First time buyers are losing all hope as houses remain unaffordable and low interest rates plus high inflation makes saving for a deposit impossible.

 
Inflation: a stealth tax to torture savers

It’s a full four years since the property market peaked. A credit crunch and a debt crisis were meant to have shone a flashlight on a market caught with its pants down: not the faithful, reliable lover we’d taken for granted, but something doing the dirty on us all along.

And yet even the details of unsafe lending and artificially inflated prices weren’t enough to precipitate a proper 'correction'. Houses remain, by most measures, unaffordable.

First time buyers are losing all hope

According to new figures from the Post Office, 53% of potential first-time buyers have lost all faith in their ability to ever buy a home. Among the optimist minority, 35 is the age at which they think they’ll be financially prepared to invest. Back in the 1960s, if you were the house-buying type then you expected to be greeted by an amiable bank manager when you were 23, your house following not too long after your first pair of winkle-pickers.

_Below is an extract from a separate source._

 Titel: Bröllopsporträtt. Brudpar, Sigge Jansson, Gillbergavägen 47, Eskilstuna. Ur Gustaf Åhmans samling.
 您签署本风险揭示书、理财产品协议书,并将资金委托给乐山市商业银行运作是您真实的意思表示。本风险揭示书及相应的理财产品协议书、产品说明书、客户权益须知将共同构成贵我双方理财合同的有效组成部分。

So what are the powers-that-be doing to help? Interest rates have remained low, certainly, but that hasn’t done much to help savers trying to put together a deposit. And the associated higher inflation is making it harder to save in the first place. There’s the government’s FirstBuy scheme, targeting an underwhelming 10,000 buyers and flawed from the outset by its cozy relationship with the developers (the Wolf, not the Grandma, as far as first-time buyers are concerned).

But as the Monetary Policy Committee consistently fails to tackle inflation, turning a blind eye to an overshot target in 26 of the last 40 months, you’d be forgiven for wondering whether this lack of attention isn’t so flagrant that it has to be a plan in disguise. What if inflation isn’t a mistake, but a policy?

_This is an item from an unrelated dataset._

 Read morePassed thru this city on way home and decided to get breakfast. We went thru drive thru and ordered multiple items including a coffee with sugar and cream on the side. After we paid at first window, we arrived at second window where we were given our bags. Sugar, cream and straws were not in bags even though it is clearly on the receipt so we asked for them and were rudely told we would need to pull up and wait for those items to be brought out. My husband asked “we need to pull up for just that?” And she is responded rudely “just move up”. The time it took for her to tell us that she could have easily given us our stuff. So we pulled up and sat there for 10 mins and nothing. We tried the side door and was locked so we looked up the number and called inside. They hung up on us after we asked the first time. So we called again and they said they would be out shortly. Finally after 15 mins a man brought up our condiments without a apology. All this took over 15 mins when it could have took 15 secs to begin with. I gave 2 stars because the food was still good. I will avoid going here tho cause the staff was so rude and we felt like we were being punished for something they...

If so, it’s a cruel one. The combination of low interest rates and high inflation means slow torture for savers, who get to see their cash diminishing in terms of both reward and spending power.

Inflation as a policy

Behind the scenes and from a government perspective, the country, however, might not do so badly. During periods of high inflation, the substantial compound interest losses suffered by savers become very real gains when trying to reduce a national debt burden. In simple terms, the size of the debt is – behind the scenes – diminishing all the time, taking a few sharp edges off the cuts and working, to a degree, like a stealth tax.

It’s been done before, but it works better in some environments than others and remains far from uncontentious. Falling living standards, associated with inflation, can impact government debt by increasing the welfare spend. Gilts linked to inflation will need to be serviced at a higher level, but taxes on lagging earnings won’t provide the shortfall. And yet there are cleverer commentators than me who seem to have fallen in love with the idea of suffering sterling.

Extreme caution is advised, however, when attempting to apply the theory to individual borrowers. The only time inflation helps pay off a mortgage is when earnings are keeping pace with prices. They’re not.

Fingers crossed for the future

Except… first-time buyers might, in the medium to long term, welcome inflation.

It’s another indication of just how sick the UK property market is that what was once considered a safe hedge against inflation is currently (depending on your choice of index) underperforming by around 15%. According to the National Institute of Economic and Social Research, it’s a trend that will continue for some time, knocking a further 10% off house prices over the next five years. Nominal values, as reported by the leading house price indices, will remain fairly static, perhaps even rise a little; but this could turn out to be an inflation-led correction.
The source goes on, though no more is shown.